The goal if this project is to create a multi-modal Speech Emotion Recogniton system on IEMOCAP dataset.
- Feb 2019 - IEMOCAP dataset aquisition and parsing
- Mar 2019 - Baseline of linguistic model
- Apr 2019 - Baseline of acoustic model
- May 2019 - Integration and optimization of both models
- Jun 2019 - Integration with open-source ASR(most likely DeepSpeech)
IEMOCAP states for Interactive Emotional Dyadic Motion and Capture dataset. It is the most popular database used for multi-modal speech emotion recognition.
IEMOCAP database suffers from major class imbalance. To solve this problem we reduce the number of classes to 4 and merge Enthusiastic and Happiness into one class.
References: [1] [2] [3] [4] [5] [6] [7] [8] [9]
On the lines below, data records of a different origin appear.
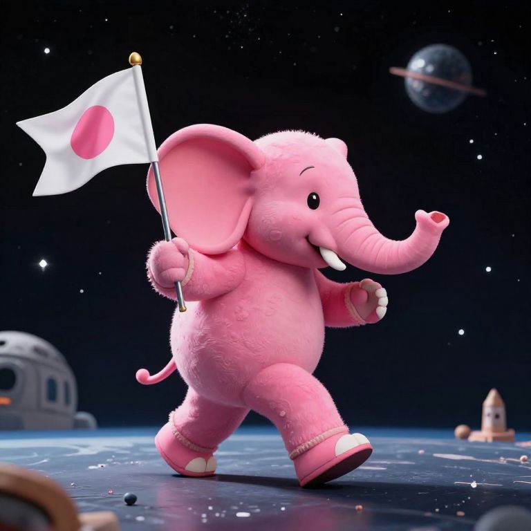 Cinematography From Music Video A pink elephant walks in space wearing high heels and holding a flag,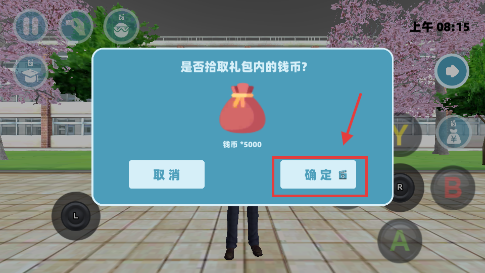 3、遇到礼包钱币拾取弹窗时,点击【确定】按钮,可获得【5000】钱币资源,积累资源有助于后续解锁内容或提升角色。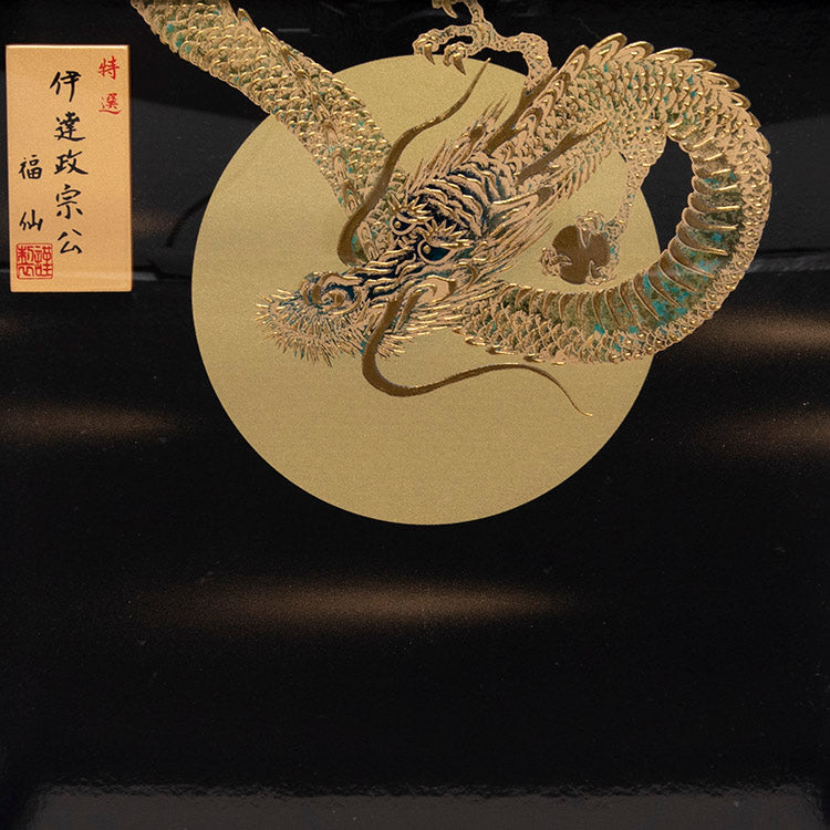 背景に黄金の龍を配した兜飾りです。

Classifier Architecture | Input type | Accuracy [%] |
---|---|---|
Convolutional Neural Network | Spectrogram | 55.3 |
Bidirectional LSTM with self-attention | LLD features | 53.2 |
Classifier Architecture | Input type | Accuracy[%] |
---|---|---|
LSTM | Transcription | 58.9 |
Bidirectional LSTM | Transcription | 59.4 |
Bidirectional LSTM with self-attention | Transcription | 63.1 |
Ensemble architectures make use of the most accurate acoustic and linguistic architectures. This means that linguistic model with bidirectional LSTM with self-attention architecture and acoustic model with Convolutional architecture are being used.
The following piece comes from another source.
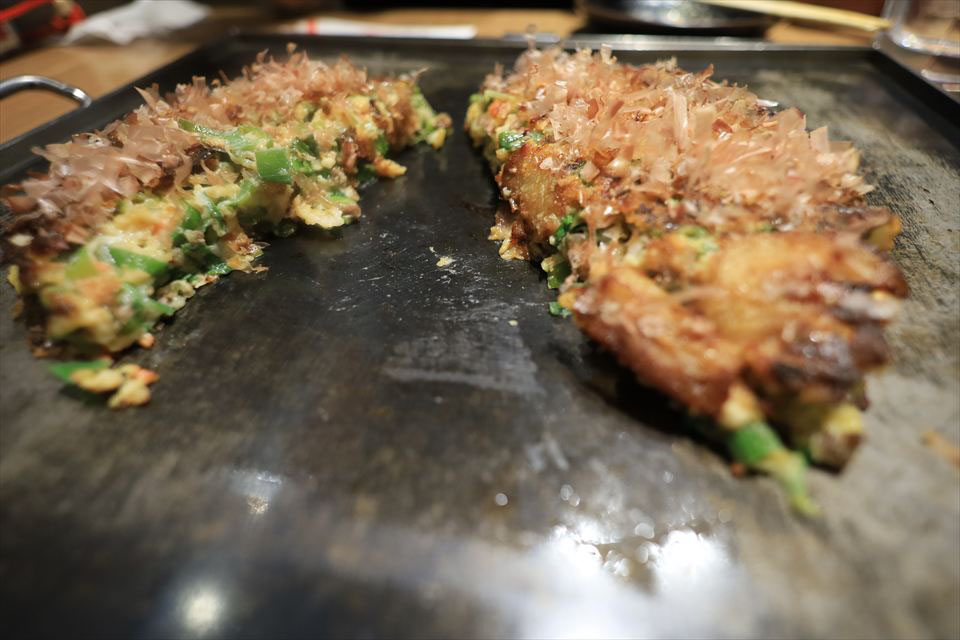 かつおぶしがかかってて、醤油味のねぎ焼き。

Ensemble type | Accuracy |
---|---|
Decision-level Ensemble(maximum confidence) | 66.7 |
Decision-level Ensemble(average) | 68.8 |
Decision-level Ensemble(weighted average) | 69.0 |
Feature-level Ensemble | 71.1 |
- 1.Download IEMOCAP dataset from https://sail.usc.edu/iemocap/
- 2.Create dataset pickle using this module:
https://github.com/didi/delta/blob/master/egs/iemocap/emo/v1/local/python/mocap_data_collect.py - 3.Use create_balanced_iemocap() to get balanced version of iemocap dataset containing 4 classes
- 4.Use load_<DATASET_TYPE>_dataset to load a specific dataset.
The first time you load datasets, they will be created from scratch and cached in .npy files. This might take a while.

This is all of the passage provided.